We recommend that the golden image be in a separate policy from its clones. Use sensor groups to avoid the clones inheriting the golden image policy.

Important: Asset Groups is available to Carbon Black Cloud customers on 27 November 2023. Carbon Black recommends that you upgrade from Sensor Groups to Asset Groups as soon as it is operationally feasible for your organization. Sensor Groups will be phased out by 01 December 2024. See Asset Groups and Sensor Groups in the User Guide.

To get started, we recommend that you duplicate the Standard policy rules to the full clone policy. We then recommend the following specific policy settings for Horizon full clones.

General Tab

  • Name – For easy identification we recommend giving the policy a name that distinguishes the sensors as Full Clones.
  • Description – This policy is optimized for Horizon full clones. Special considerations improve performance and provide a strong base of reputation, behavioral, and targeted prevention.
  • Target Value – Medium

Sensor Tab

  • Display sensor message in system tray - Enable this setting and add a message similar to this sample text: "Virtual Desktops Policy - Contact someone@example.com with any questions and concerns. Provide context regarding the issue and any available replication steps."

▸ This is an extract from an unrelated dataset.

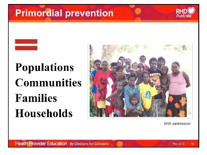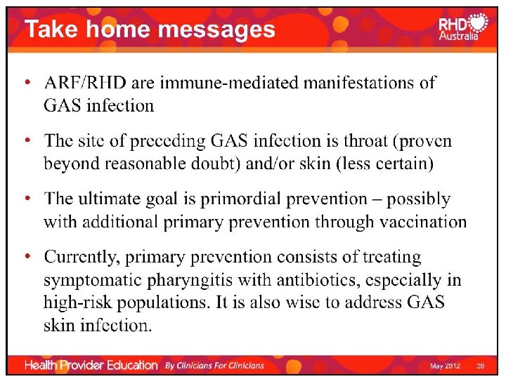 Primordial prevention of ARF/RHD • • • Housing Education Employment Communications Transport & access to services Mc. Donald E et al. BMC Public Health 2008; 8: 153 Mc. Donald M et al. Clin Infect Dis 2006; 43: 683 -9 Bailie R et al. BMC Public Health 2010; 10: 147

Prevention Tab - Permissions

  • Bypass rules (exclusions) – Policy-level bypass rules help achieve stability in a VDI environment.

    Each organization must understand the trade-offs between performance and security. VMware recommends the use of exclusions. Work with stakeholders to review risks and benefits (performance versus visibility) and apply the bypass rules as needed.

    Carbon Black Cloud provides exclusions for supported methods as examples. Please review the applications that are installed in the VDI environment and apply any required bypass rules.

    The following examples are based on public documentation for VMware solutions. Additional bypass rules might be needed.

VMware bypass rules best practices

**\Program Files\VMware\**,
**\Program Files*\cloudvolumes\agent\svhook64.dll,
**\SnapVolumesTemp**,
**\SVROOT**,
**\SoftwareDistribution\DataStore**,
**\System32\Spool\Printers**,
**\ProgramData\VMware\VDM\Logs**,
**\AppData\VMware\**

Prevention

Blocking and Isolation

Best practices recommend applying Blocking and Isolation rules to address specific attack surfaces.

Local Scan tab

  • On Access File Scan Mode – Enabled
  • Allow Signature Updates – Enabled

Full clones are rarely recreated from the golden image, so they effectively never receive signature updates. Enable Allow Signature Updates for full clones.

Sensor tab

  • Run Background Scan – Disabled. To optimize performance, it is recommended to complete a background scan on the golden image and then subsequently have the background scan disabled on the policy assigned to the clones.
  • Scan files on network drives – Disabled
  • Scan execute on network drives – Enabled
  • Delay execute for Cloud scan – Enabled. This critical setting serves as the sole point of reference for pre-execution reputation lookups. If it is disabled, endpoints must rely on Application at Path and Deny List rules for pre-execution prevention.
  • Hash MD5 – Disabled. The sensor always calculates the SHA-256.
  • Auto-deregister VDI sensors that have been inactive for – Disable this setting to prevent unintentional uninstall of the sensor.

Behavior of a Quarantined Instant Clone VM

Carbon Black Cloud Quarantine prevents suspicious activity and malware from affecting the rest of your network by isolating the affected asset from the network. As a result of this network isolation, the Horizon agent communication from an instant clone VM to the Horizon connection server is cut off. To consider the full implications of this scenario, please see the following KB: Best Practices when Using Endpoint Detection and Response (EDR) Tools with Horizon (95512).